The product belongs to a functional green environment-friendly coating, has an excellent anti-sticking function, and adopts an environment-friendly nontoxic solvent to reduce the pollution of coating construction to the environment and the harm to the body of constructors for customers; the technology introduces self-extinction resin, the doodling-prevention auxiliary agent with a specific structure and the semi-methylated amino resin which gives consideration to the curing efficiency and performance requirements, and guarantees the anti-fouling functionality and the high light transmittance of the coating, and simultaneously guarantees the feasibility of construction and practical application. The product has the anti-doodling effect grade of 1, the ultraviolet light transmittance is more than or equal to 85 percent, and the coating has the advantages of excellent flexibility, adhesive force and the like, and the service life and the application field of the coil coating are prolonged.

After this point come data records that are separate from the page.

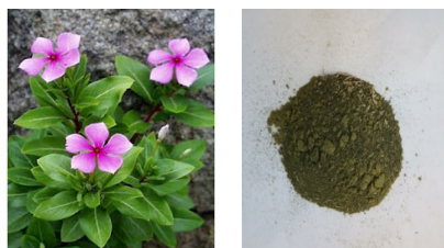
Figure1: Catharanthus roseus plant and plant powder

Accumulation of free radicals can cause pathological conditions such as ischemia, asthma, inflammation, neurodengeneration, Parkinson's diseases, mongolism, aging process and perhaps dementia (Sarabjot et al). The plant can grow easily and is commonly available in the sub-continent. Cantharanthus roseus has a variety of medicinal properties, such as antibacterial antifungal and antiviral (Carew et al). A variety of different alkaloids is present in Cantharanthus roseus more than 130 different compounds have been reported including about 100 monoterpenoid in dole alkaloids(Pereira et al). As an important medicinal plant, it has a good antioxidant potential throughout its parts under drought stress. Antioxidants are radical scavengers which give protection to human body against free radicals by inhibiting the oxidizing chain reactions. When these substances are present at low concentration in body they markedly delay or prevent the oxidation of an oxidizable substrate (Velioglu et al). These antioxidants always play important roles in delaying the development of chronic diseases, cancer, atherosclerosis, inflammatory bowel syndrome and Alzheimer's diseases.(Chun et.al)
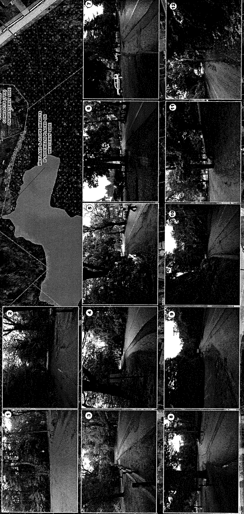
Document Path: W:\Project\Warren\Warren_Proposed Sidewalk_18.dwg
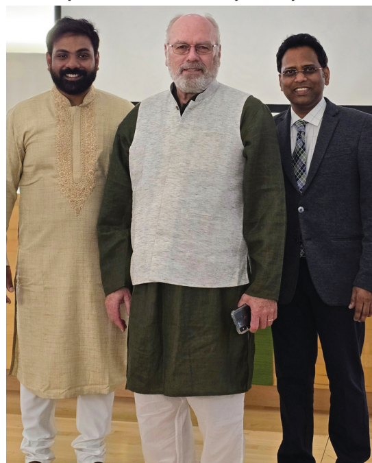
LMSI presentation at WLS seminary ▲
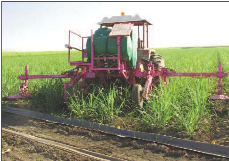
The control of weeds using shielded sprayers is being encouraged as an improved management practice in the sugar industry. This approach targets weeds early, reduces the total amount of herbicide applied, uses products less susceptible to runoff (such as glyphosate), and reduces the need for residual herbicide control.
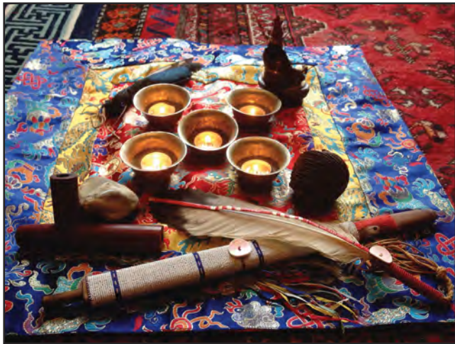
Creating Sacred Space : pages 34-39
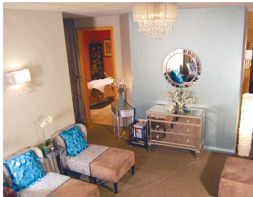
Spa Gregorie's quiet room.

"You recognize, reward and encourage your staff," she told me. "We love them as family members and try to keep a healthy and harmonious work-

The above description is only of the preferred embodiments of the present invention, and it should be noted that: it will be apparent to those skilled in the art that various modifications and adaptations can be made without departing from the principles of the invention, and such modifications and adaptations are intended to be within the scope of the invention.

Claims (10)

1. The coiled material self-cleaning coating is characterized by comprising the following components in parts by weight: 30-40 parts of high-molecular-weight polyester resin, 10-15 parts of fluorocarbon resin, 10-15 parts of self-extinction resin, 15-20 parts of amino resin, 3-8 parts of antifouling auxiliary agent, 0.2-1 part of flatting agent, 0.1-0.5 part of defoaming agent, 0.5-2 parts of rheological auxiliary agent and 15-25 parts of solvent, wherein the molecular weight of the high-molecular-weight polyester resin is 15000 to 20000, and the Tg is 30 to 50 ℃; the self-extinction resin is MT-2350F or MT-2550F.

2. The coating of claim 1 wherein the high molecular weight polyester resin is one or more of ETERKYD-5055-R-70, VYLON-637, GK-360, ST-5790.

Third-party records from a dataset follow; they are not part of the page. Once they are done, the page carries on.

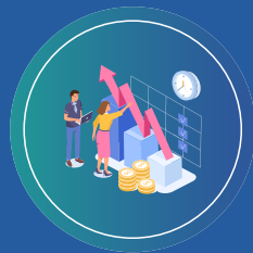
Task Force Committee (Combination of IT, Procurement, Risk, Finance and Treasury members)
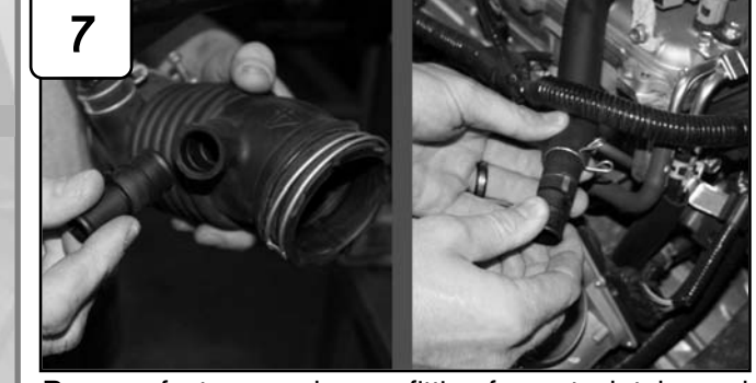
Remove factory crank case fitting from stock tube and re-install.
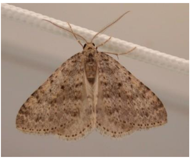
Mottled Grey at Folkestone Warren (Ian Roberts)

Some 23 species of Pug were recorded at Saltwood, some of the more notable of which included single Slender Pug on the 30<sup>th</sup> July, Triple-spotted Pug on the 2<sup>nd</sup> August and Currant Pug on the 30<sup>th</sup> April, two each of Foxglove Pug, White-spotted Pug, Bordered Pug, and both forms of Angle-barred Pug (Anglebarred and Ash). Three Maple Pug and Shaded Pug, 4 Haworth's Pug, 7 Tawny-speckled Pug and 10 Oak-tree Pug were also of note.
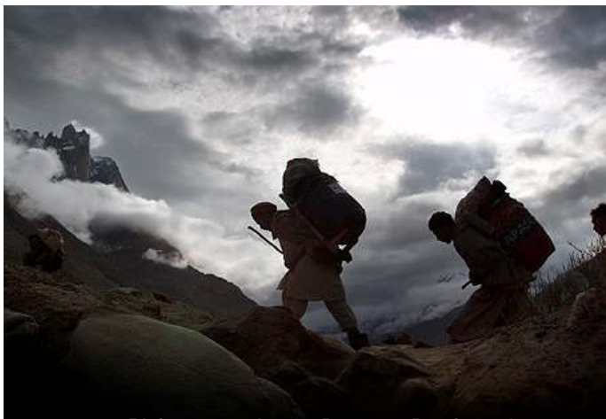
Porters walking on the Baltoro glacier

We will probably stop for lunch at the old campsite at Lilligo. After this break we cross below the snout of the Lilligo Glacier and then get back on to the Baltoro and walk up and down several moraine ridges before arriving at the Khoburtse campsite.
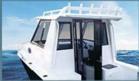
FULLY ENCLOSED CABIN HARD TOP OFFSHORE 740
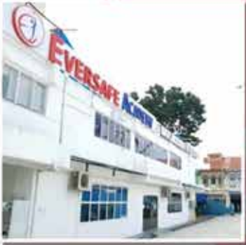
No. 2, Kampong Kapur Rd, Singapore 208674
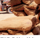
PESHAWAR: Pakistani laborers included old man work at a phando vegetable market and brick factory ahead of International Labor Day

All of the passengers and crew members underwent tests for coronavirus at the airport. In line with the directives of PAF's senior leadership, Pakistan Air Force transport aircraft are conducting air evacuation missions to bring back fellow countrymen who were stranded in war-torn Sudan. The transport fleet of the Pakistan Air Force has always been at the forefront to respond to the call of the Nation during natural disasters and calamities.
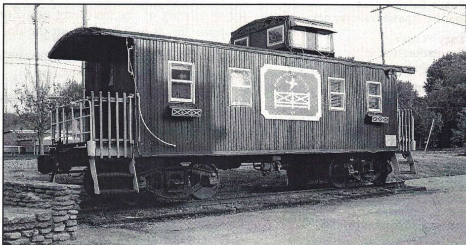
The Red Train Caboose in Pewee Valley.

We hope to add features and historical stories in future issues. We welcome your ideas and suggestions.
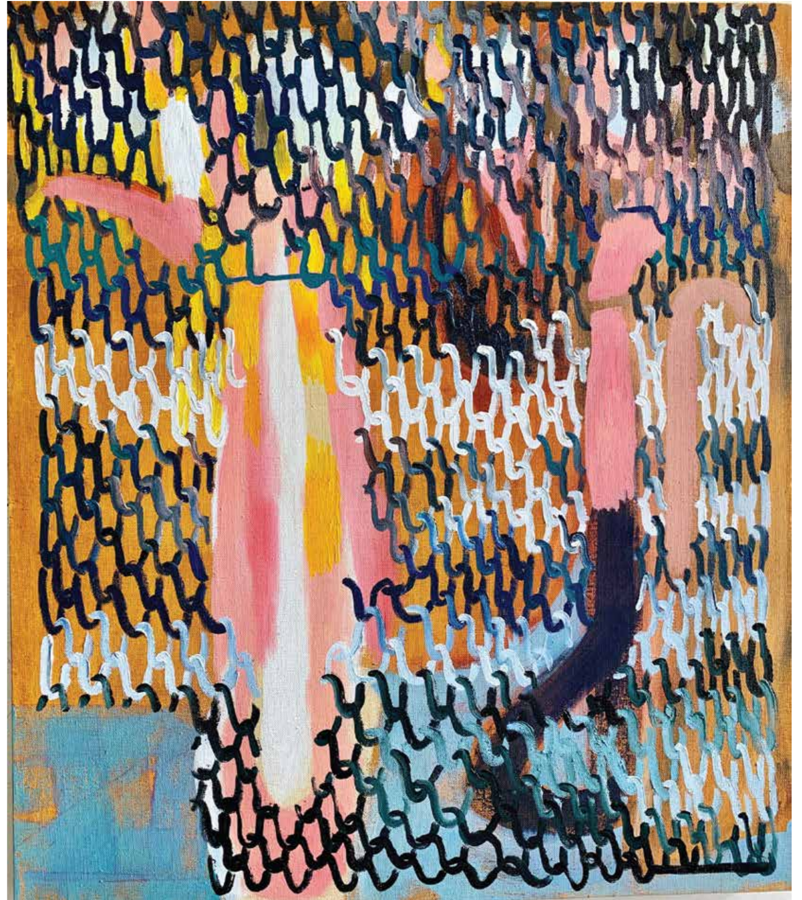
Knit 30 x 26 inches - 2019

3. The coating of claim 1, wherein the fluorocarbon resin is a combination of one or more of HLR 670, eteerflon-41215, eteerflon-41011, D-4109.

4. The coating of claim 1, wherein the amino resin is MR625 or 5717.

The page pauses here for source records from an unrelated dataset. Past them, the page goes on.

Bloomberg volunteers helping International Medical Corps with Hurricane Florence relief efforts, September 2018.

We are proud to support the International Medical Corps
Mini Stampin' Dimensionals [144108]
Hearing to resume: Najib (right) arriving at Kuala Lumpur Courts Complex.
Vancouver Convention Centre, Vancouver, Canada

5. The coating of claim 1, wherein the antifouling auxiliary is any one or more of TEGO-5000N, WELLMIX-6610, ZH-8017B or SMA 4015.

6. The coating of claim 1 wherein the leveling agent is a combination of any one or more of BYK-333, TEGO 450, or BYK-306; the defoaming agent is BYK-052N or TEGO 945; the rheological additive is one or more of VOK-SD, N-3300, AQH-810.

7. The paint of claim 1, wherein the solvent is any one or more of xylene, trimethylbenzene, butyl acetate, dibasic acid ester, propylene glycol methyl ether acetate, and propylene glycol methyl ether.

8. The process for preparing the self-cleaning coil coating as claimed in any one of claims 1 to 6, characterized by comprising the following steps:

s1: proportionally putting high molecular weight polyester resin, fluorocarbon resin, self-extinction resin and amino resin with the formula weight into a kettle, dispersing for 10 minutes at 600RPM, and uniformly stirring;

s2: sequentially adding the antifouling auxiliary agent, the flatting agent and the defoaming agent in the formula amount into the system prepared in the S1, and dispersing for 10 minutes at 1000 RPM;

s3: adding the rheological additive in the formula amount into the system prepared by S2, dispersing at 1200RPM for 30min, dispersing uniformly, and finally adding the solvent in the formula amount to adjust the viscosity of the coating to 65-85KU.

9. Use of a coil self-cleaning coating as claimed in any one of claims 1 to 6 in the preparation of a coil self-cleaning coating.

10. The use according to claim 8, wherein the coating according to any one of claims 1 to 6 is roll-coated or spray-coated on a coil and cured at 190 to 220 ℃ for 2 to 3min to obtain a self-cleaning coating for the coil.